§ Available data

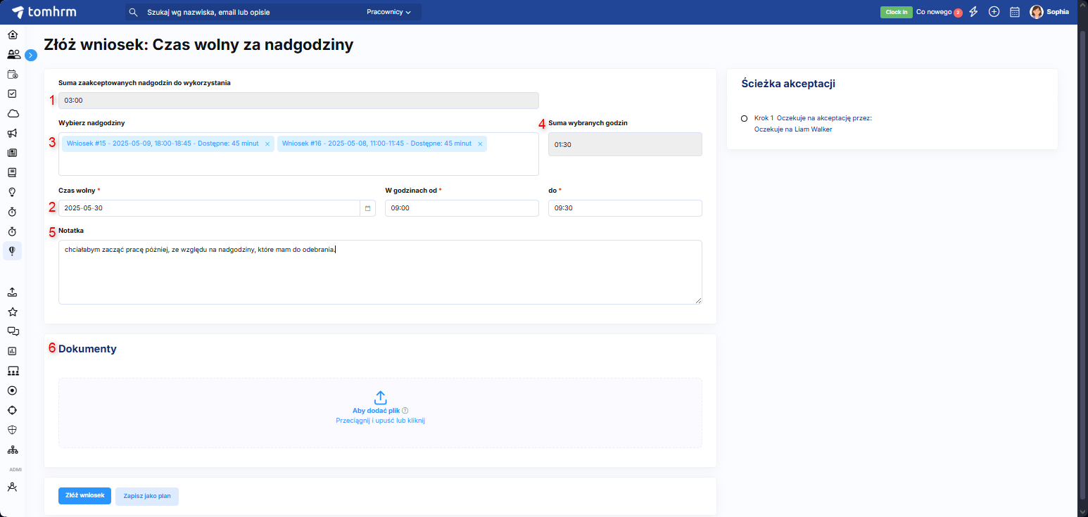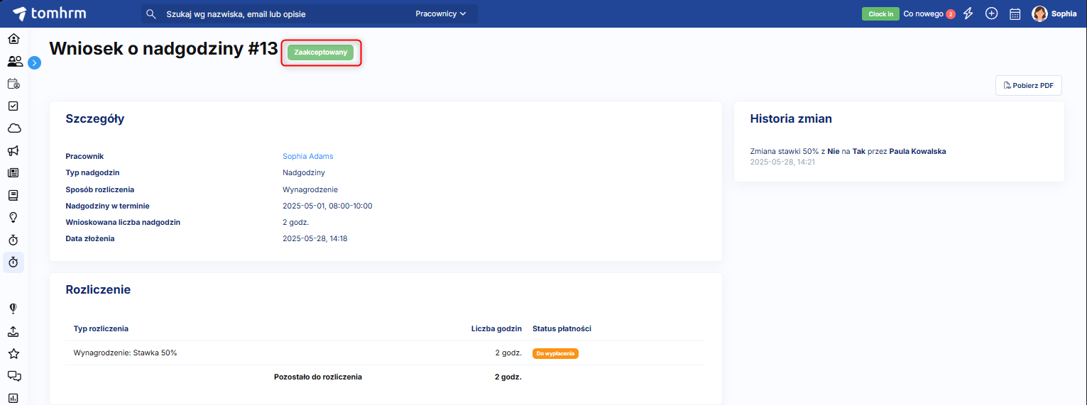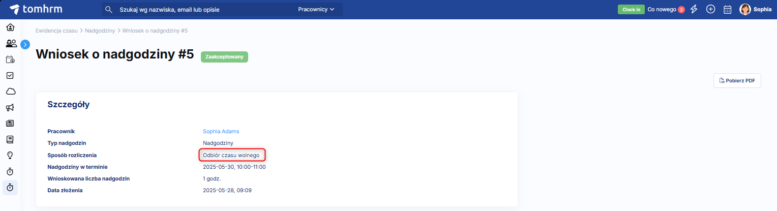 - Jeśli za dane nadgodziny złożyłeś/łaś wniosek o czas wolny, w szczegółach pojawi się jego status
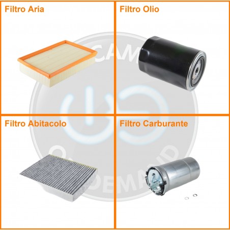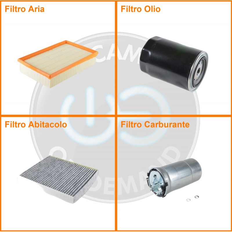 ComposizioneFiltro gasolio, Filtro olio, Filtro abitacolo ai carboni attivi, Filtro aria
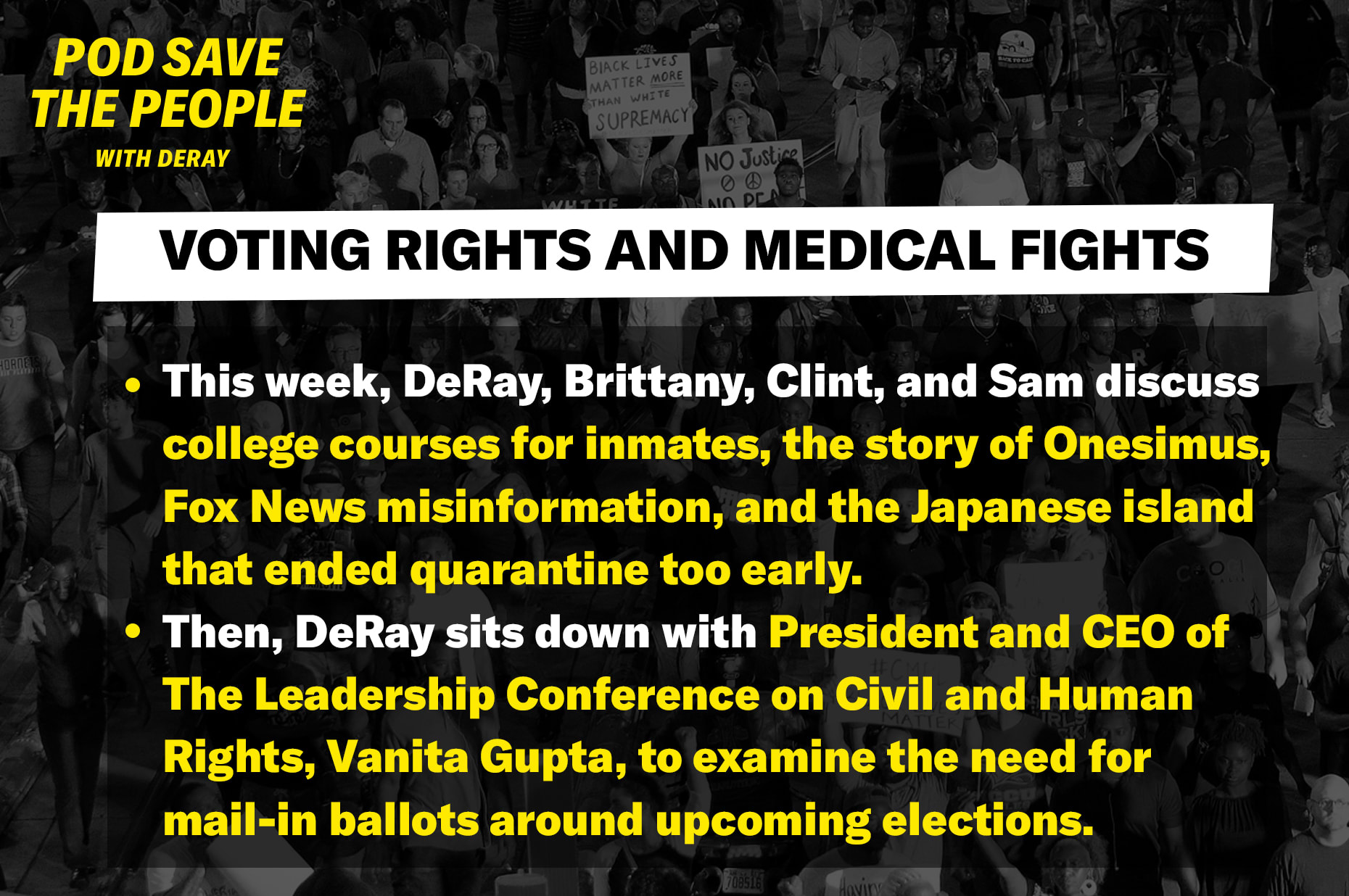 This week, DeRay, Brittany, Clint, and Sam discuss college courses for inmates, the story of Onesimus, Fox News misinformation, and the Japanese island that ended quarantine too early. Then, DeRay sits down with civil rights lawyer Vanita Gupta to examine the need for mail-in ballots around upcoming elections.

§ Activity
Retype each line above precisely, please. Skip anything that is a picture.

§ Answer box
 - Jeśli za dane nadgodziny złożyłeś/łaś wniosek o czas wolny, w szczegółach pojawi się jego status
 ComposizioneFiltro gasolio, Filtro olio, Filtro abitacolo ai carboni attivi, Filtro aria
 This week, DeRay, Brittany, Clint, and Sam discuss college courses for inmates, the story of Onesimus, Fox News misinformation, and the Japanese island that ended quarantine too early. Then, DeRay sits down with civil rights lawyer Vanita Gupta to examine the need for mail-in ballots around upcoming elections.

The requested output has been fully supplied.